■ **WHAT YOU HAVE TO DO**: The part to set down runs from the first line of the data below through the line with "在苏州博物馆,黑白影像晕染开", inclusive; write it exactly and leave out the pictures.
*** Opening DATA FOR PROCESSING ***
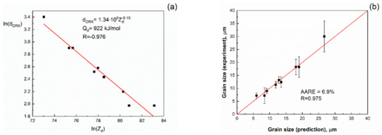 Dependence of ln(dDRX) on lnZ (a) and (b) a comparison of the experimental and calculated grain size after hot deformation of the AISI 316Ti steel.
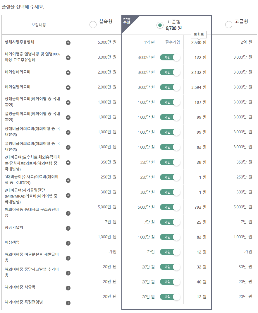보험료는 사람마다 다르고 여행기간, 플랜(실속, 표준, 고급형)에 따라 달라지므로 실제로 조회해보면서 비교해보시기 바랍니다.
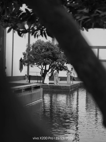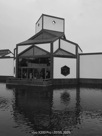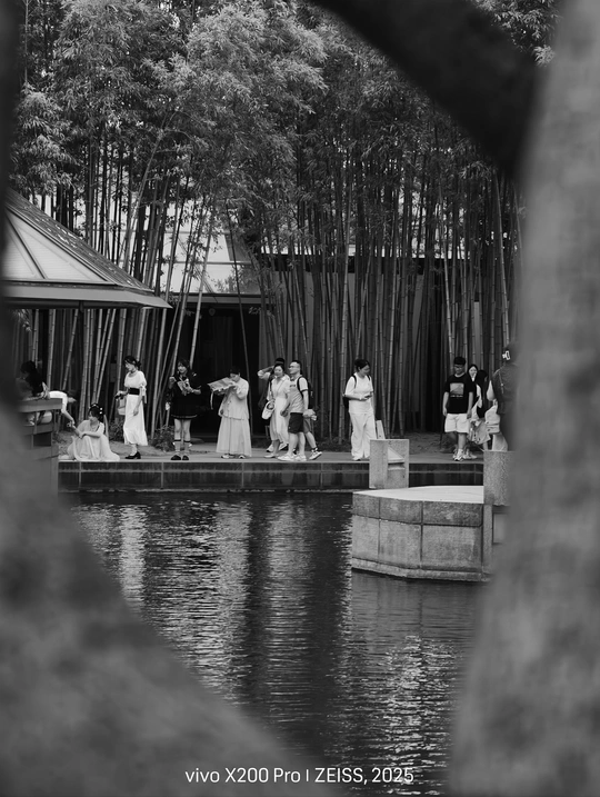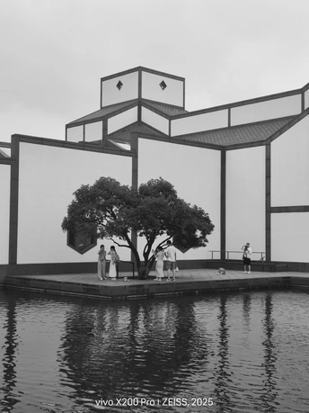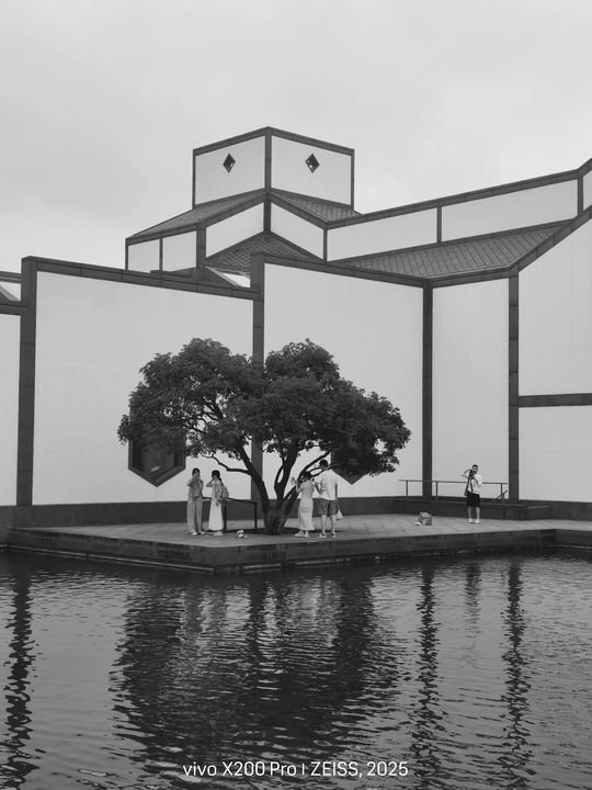 在苏州博物馆,黑白影像晕染开江南诗意。建筑如墨笔勾勒,临水而立,窗棱藏着古韵。游人穿梭,似在旧时光里踱步,竹影、树影、建筑影,交织成一幅流动的水墨长卷,每一处留白都盛满历史与当下的对话,诉说着东方美学的静谧与悠长 。
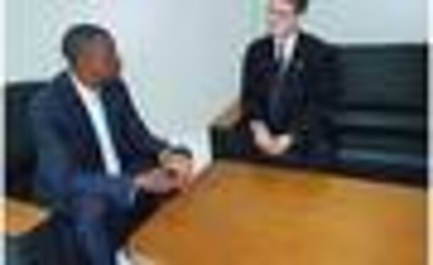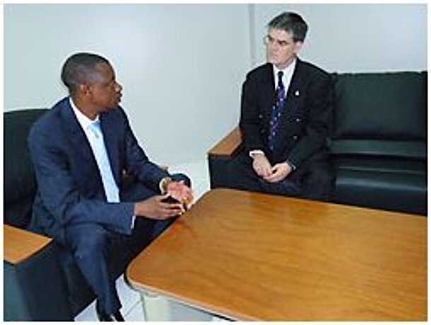 Minister of Defence, Gen James Kabarebe, with Brigadier (Rtd) Gordon Hughes of the Geneva Centre for the Democratic Control of Armed Forces (DCAF) during a courtesy call at MINADEF on 11th March 2011
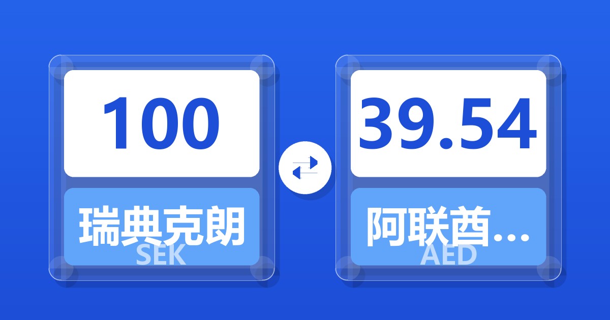 100 瑞典克朗 (SEK) = 39.48 阿联酋迪拉姆 (AED)
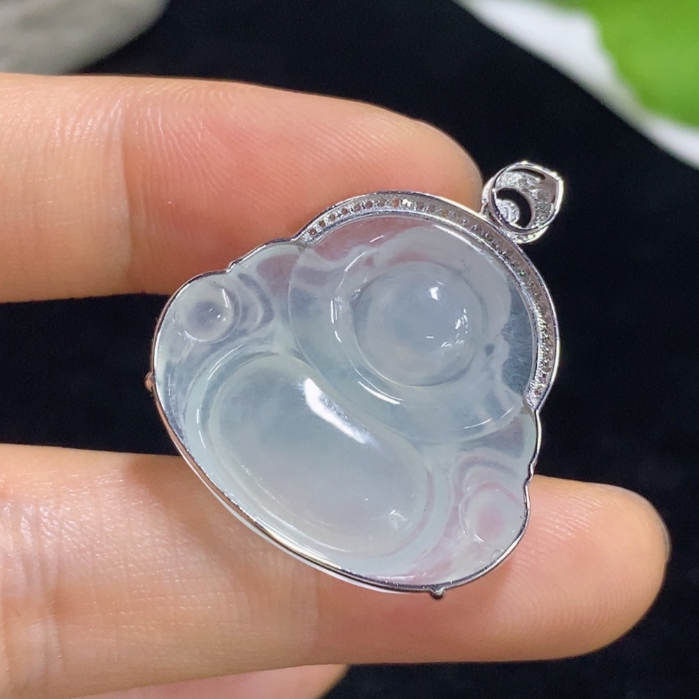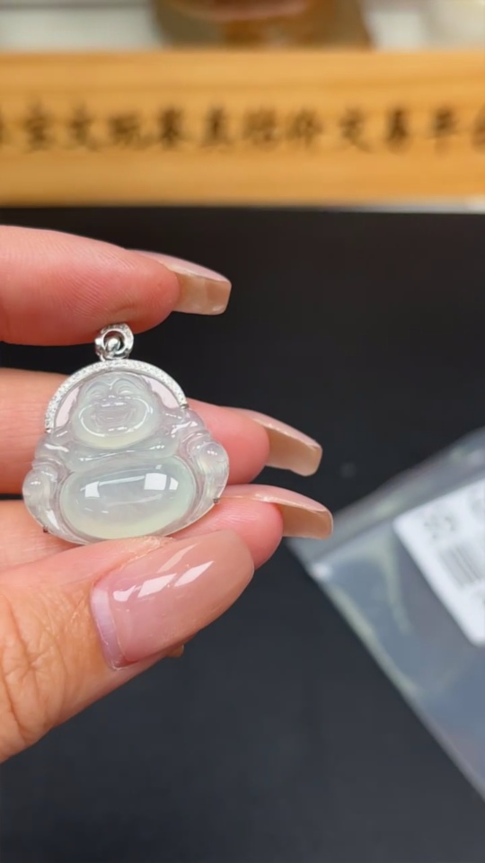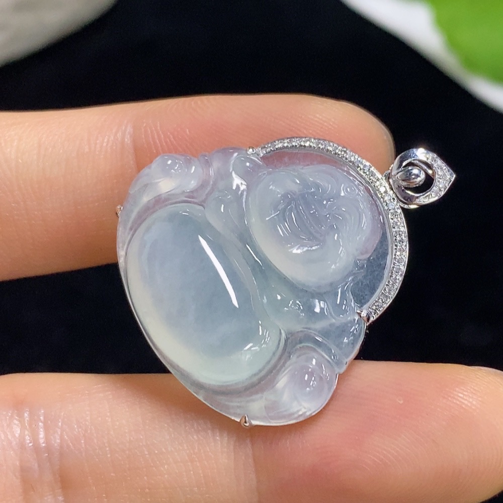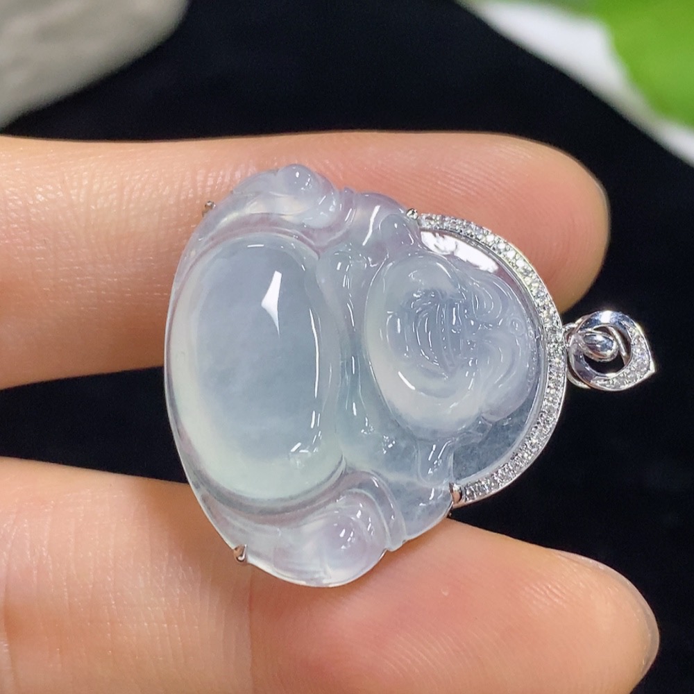 Jadeite Pendant Buddha with 18K Gold and Diamond Accents, Total Weight Approximately 5.4g
*** Closing DATA FOR PROCESSING ***
■ **ANSWER TO THE EXERCISE**:
 Dependence of ln(dDRX) on lnZ (a) and (b) a comparison of the experimental and calculated grain size after hot deformation of the AISI 316Ti steel.
보험료는 사람마다 다르고 여행기간, 플랜(실속, 표준, 고급형)에 따라 달라지므로 실제로 조회해보면서 비교해보시기 바랍니다.
 在苏州博物馆,黑白影像晕染开江南诗意。建筑如墨笔勾勒,临水而立,窗棱藏着古韵。游人穿梭,似在旧时光里踱步,竹影、树影、建筑影,交织成一幅流动的水墨长卷,每一处留白都盛满历史与当下的对话,诉说着东方美学的静谧与悠长 。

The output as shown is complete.